[Opening Data for this exercise section]

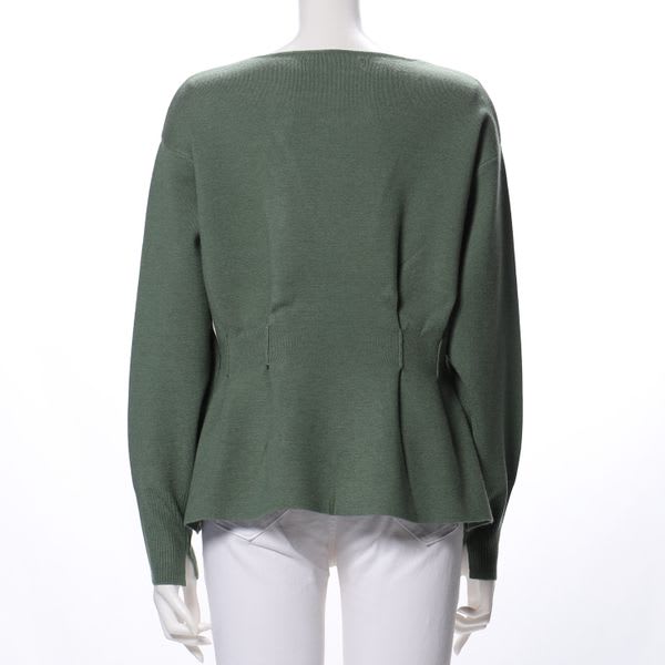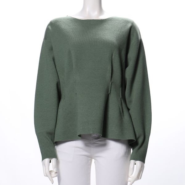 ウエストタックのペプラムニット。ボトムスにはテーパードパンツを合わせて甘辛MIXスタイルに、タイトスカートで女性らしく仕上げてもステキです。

[Closing Data for this exercise section]
[Opening Data for this exercise section]

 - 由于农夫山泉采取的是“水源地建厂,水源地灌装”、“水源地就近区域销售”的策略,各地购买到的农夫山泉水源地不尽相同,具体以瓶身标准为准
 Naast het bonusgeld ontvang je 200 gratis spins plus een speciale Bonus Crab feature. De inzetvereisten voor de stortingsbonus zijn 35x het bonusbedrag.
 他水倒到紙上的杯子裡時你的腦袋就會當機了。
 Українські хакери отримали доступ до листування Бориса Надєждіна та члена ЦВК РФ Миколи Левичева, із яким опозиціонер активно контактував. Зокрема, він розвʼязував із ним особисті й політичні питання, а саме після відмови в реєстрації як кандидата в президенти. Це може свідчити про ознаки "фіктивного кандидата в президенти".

[Closing Data for this exercise section]

#### Your instructions:
The range runs from the line above containing "Naast het bonusgeld" to the line containing "Українські хакери отримали", inclusive. Restate those lines word for word and no others.

#### The answer:
 Naast het bonusgeld ontvang je 200 gratis spins plus een speciale Bonus Crab feature. De inzetvereisten voor de stortingsbonus zijn 35x het bonusbedrag.
 他水倒到紙上的杯子裡時你的腦袋就會當機了。
 Українські хакери отримали доступ до листування Бориса Надєждіна та члена ЦВК РФ Миколи Левичева, із яким опозиціонер активно контактував. Зокрема, він розвʼязував із ним особисті й політичні питання, а саме після відмови в реєстрації як кандидата в президенти. Це може свідчити про ознаки "фіктивного кандидата в президенти".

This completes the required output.